** Extracted information follows **

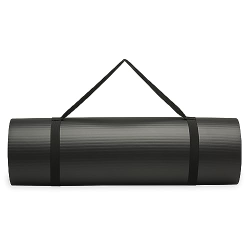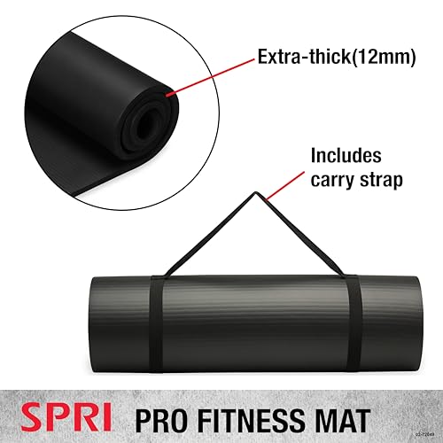 SPRI 12mm Pro Fitness Matt – Thick Exercise Mat for Floor Workouts, Sit-Ups, Push-Ups, Stretching, Toning, and General Fitness – Non-Slip Texture, Cushioned, Portable Rolling Mat with Carrying Strap
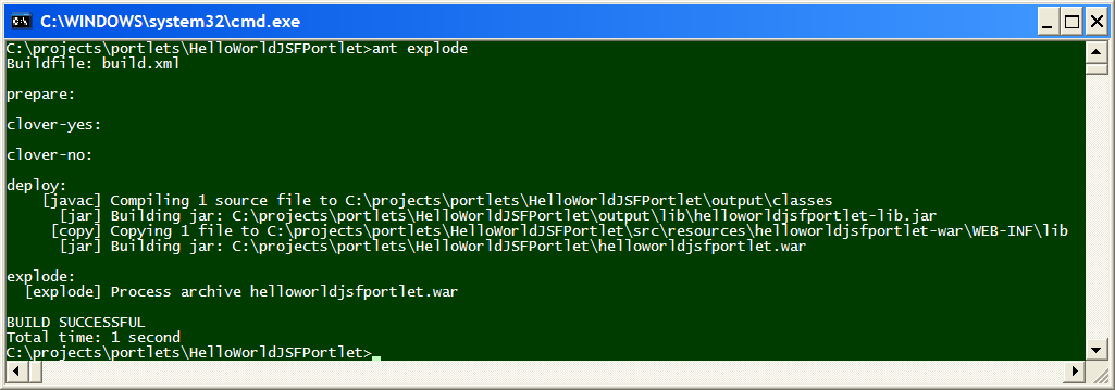If you have downloaded the sample, you can execute the build.xml with ANT or inside your IDE. Executing the deploy target will compile all src files and produce a helloworldjsfportlet.war under HelloWorldJSFPortlet\helloworldjsfportlet.war.
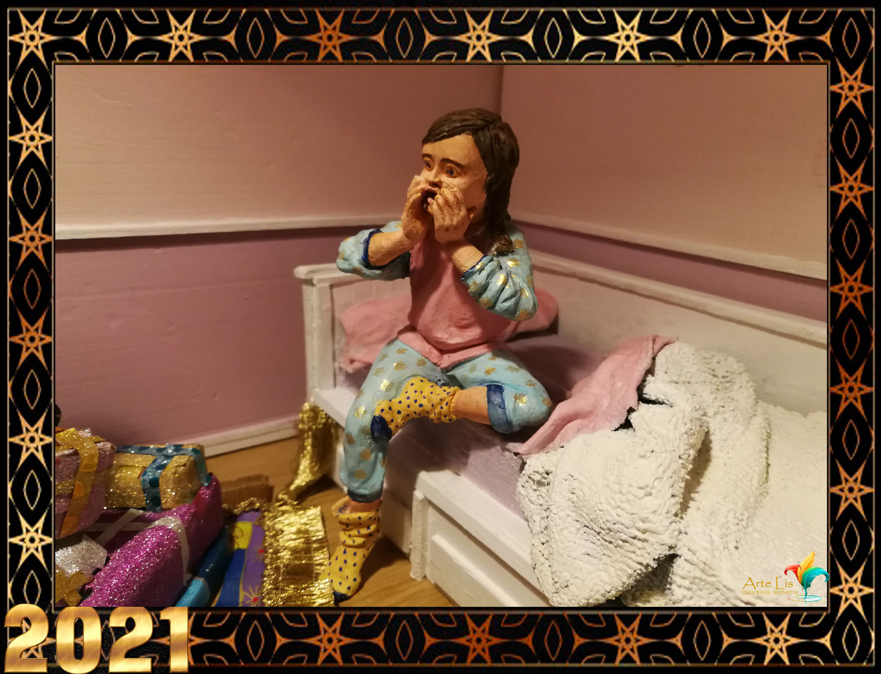 La escena, representa la noche mágica, es una reproducción del dormitorio de mi hija con sus muebles, su cortina,juguetes y los regalos que le han traido estas Navidades. Ella se despierta y al encender la luz del dormitorio descubre que los Reyes Magos han llegado y le están haciendo entrega de regalitos (los Reyes van atabiados con las vestimentas de la película de Aladdin)
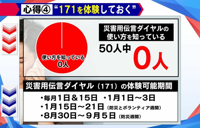心得④「災害用伝言ダイヤル(171)を体験しておく」
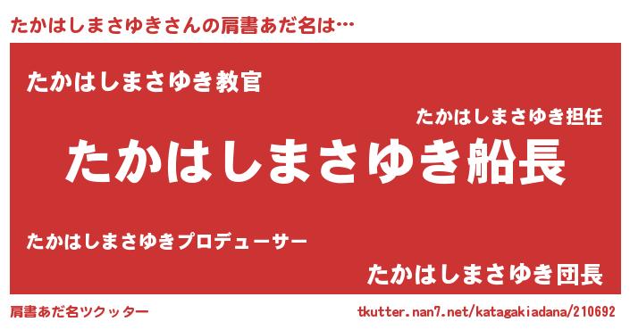 | 意味不明あだ名 | 『住所不定無職たかはしまさゆき(9歳)』 |
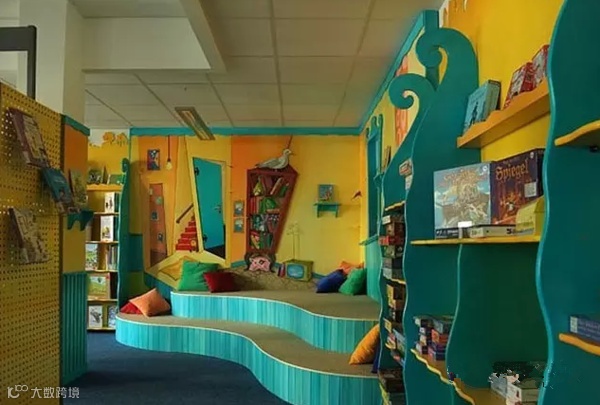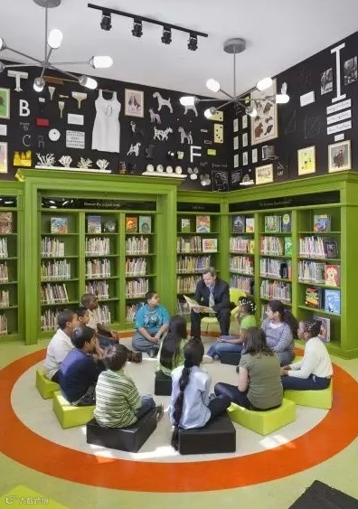 这是美国纽约州的一个儿童图书馆,色调很温暖,可以随手取书、读书,孩子和书一下子就有了亲近感。
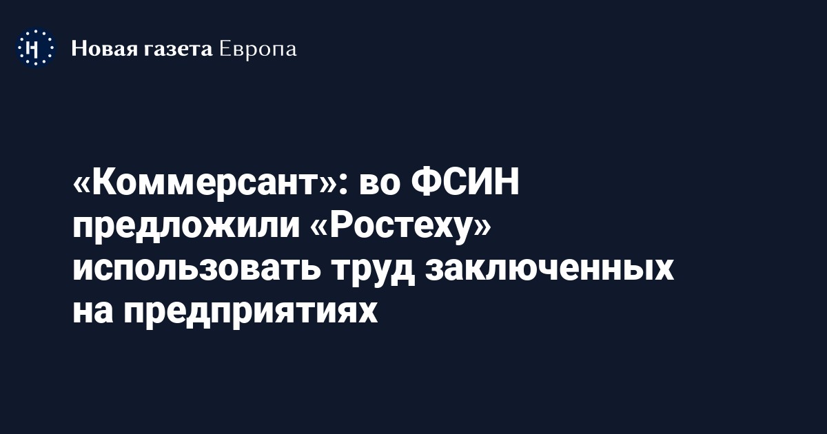Директор Федеральной службы исполнения наказаний (ФСИН) Аркадий Гостев направил главе «Ростеха» Сергею Чемезову письмо с предложением использовать труд заключенных для нужд госкорпорации по разработке, производству и экспорту промышленной продукции. Об этом сообщает «Коммерсант».

** End of Extracted information **

§ What you have to do
The lines above starting at the one that holds "La escena, representa" and ending at the one that holds "这是美国纽约州的一个儿童图书" are to be written out exactly, ends included, and no pictures are to be copied.

§ Response to the task
 La escena, representa la noche mágica, es una reproducción del dormitorio de mi hija con sus muebles, su cortina,juguetes y los regalos que le han traido estas Navidades. Ella se despierta y al encender la luz del dormitorio descubre que los Reyes Magos han llegado y le están haciendo entrega de regalitos (los Reyes van atabiados con las vestimentas de la película de Aladdin)
心得④「災害用伝言ダイヤル(171)を体験しておく」
 | 意味不明あだ名 | 『住所不定無職たかはしまさゆき(9歳)』 |
 这是美国纽约州的一个儿童图书馆,色调很温暖,可以随手取书、读书,孩子和书一下子就有了亲近感。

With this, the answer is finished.